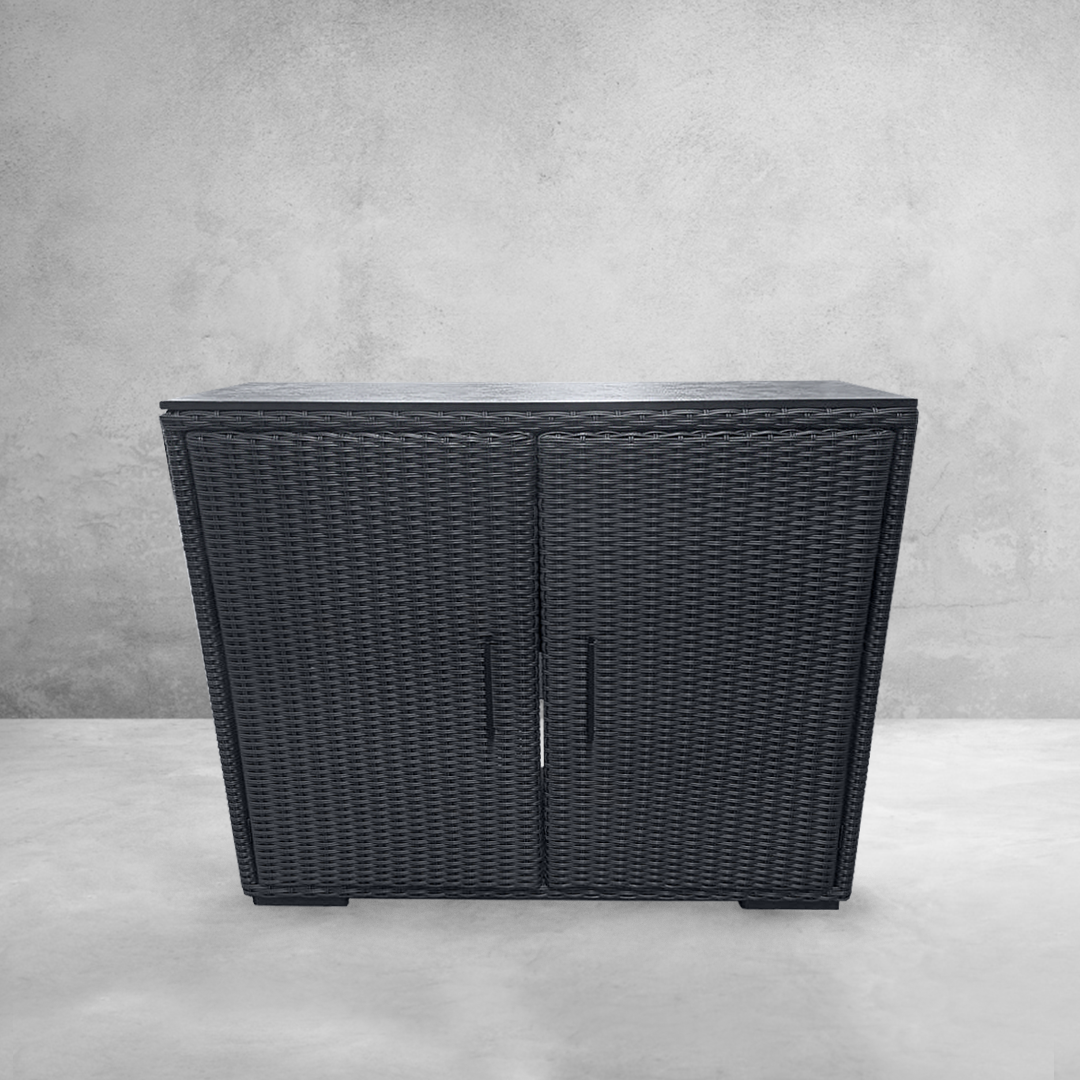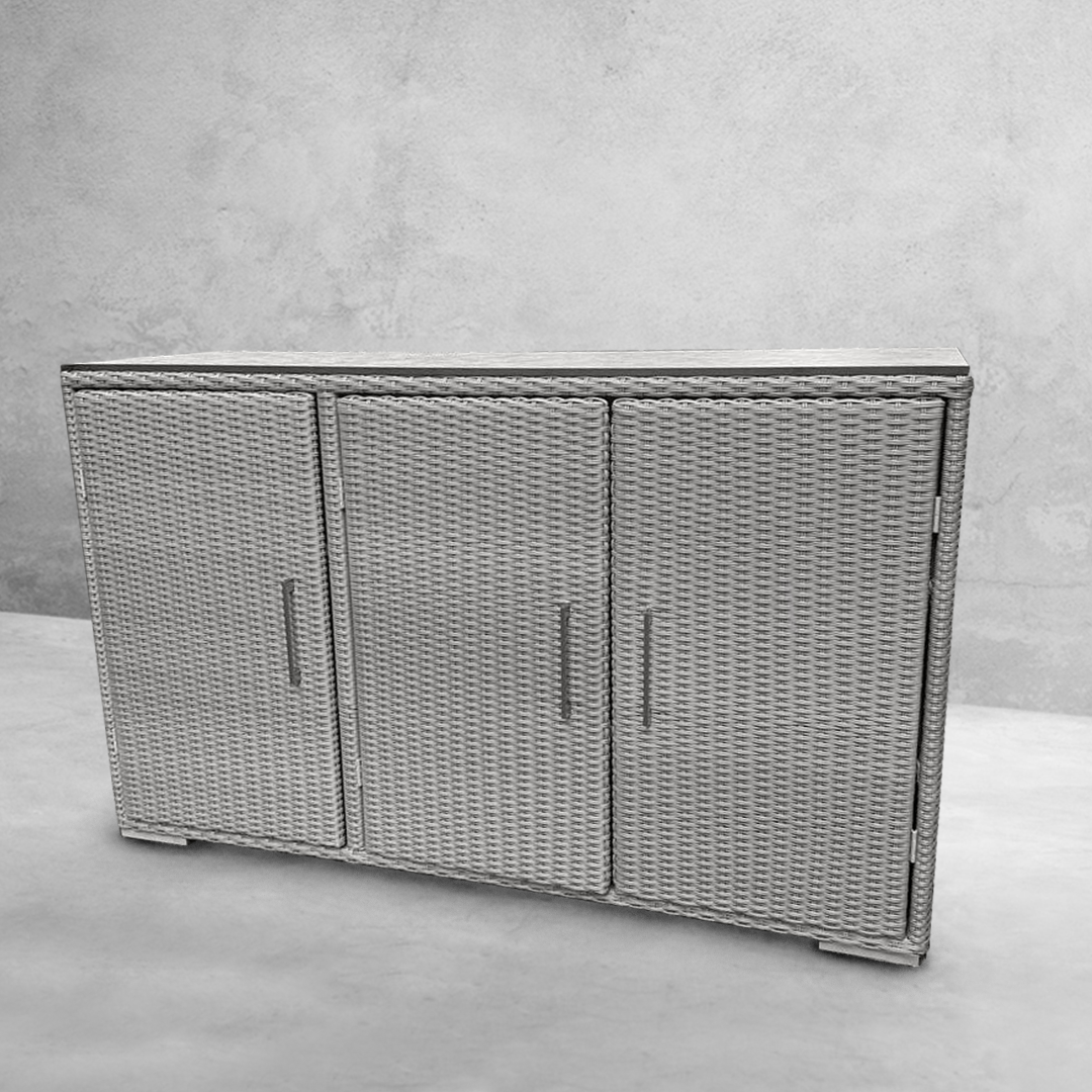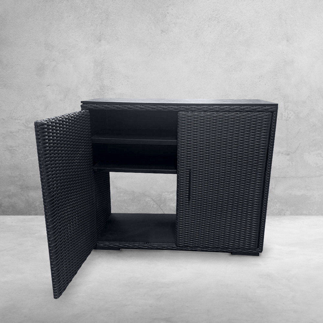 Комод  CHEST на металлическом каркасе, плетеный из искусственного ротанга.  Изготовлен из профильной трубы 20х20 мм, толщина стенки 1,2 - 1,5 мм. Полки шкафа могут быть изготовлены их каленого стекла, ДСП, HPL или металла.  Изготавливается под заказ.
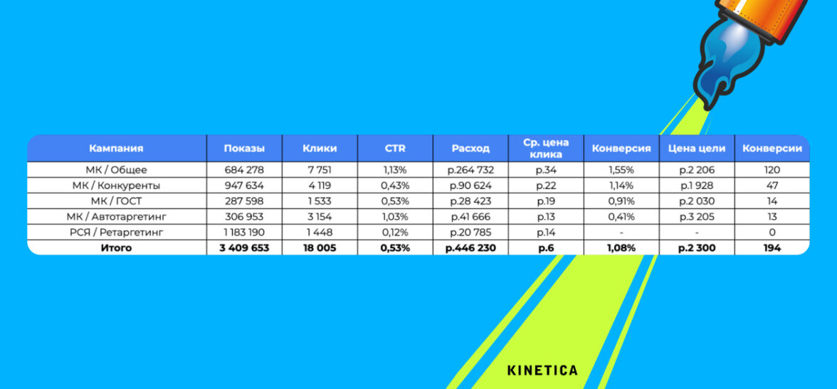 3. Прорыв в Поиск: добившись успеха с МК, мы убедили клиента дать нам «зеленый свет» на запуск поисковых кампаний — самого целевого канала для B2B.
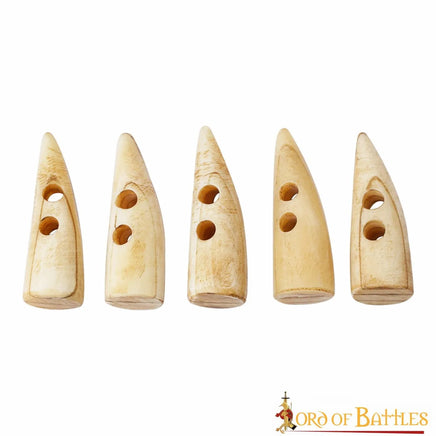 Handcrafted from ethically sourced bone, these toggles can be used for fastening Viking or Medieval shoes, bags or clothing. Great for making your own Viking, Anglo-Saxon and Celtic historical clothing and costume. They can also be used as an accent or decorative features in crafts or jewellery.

_TASK OBJECTIVE_
Set the listing above down again exactly, leaving pictures out.

_ANSWER TO THE EXERCISE_
 Комод  CHEST на металлическом каркасе, плетеный из искусственного ротанга.  Изготовлен из профильной трубы 20х20 мм, толщина стенки 1,2 - 1,5 мм. Полки шкафа могут быть изготовлены их каленого стекла, ДСП, HPL или металла.  Изготавливается под заказ.
 3. Прорыв в Поиск: добившись успеха с МК, мы убедили клиента дать нам «зеленый свет» на запуск поисковых кампаний — самого целевого канала для B2B.
 Handcrafted from ethically sourced bone, these toggles can be used for fastening Viking or Medieval shoes, bags or clothing. Great for making your own Viking, Anglo-Saxon and Celtic historical clothing and costume. They can also be used as an accent or decorative features in crafts or jewellery.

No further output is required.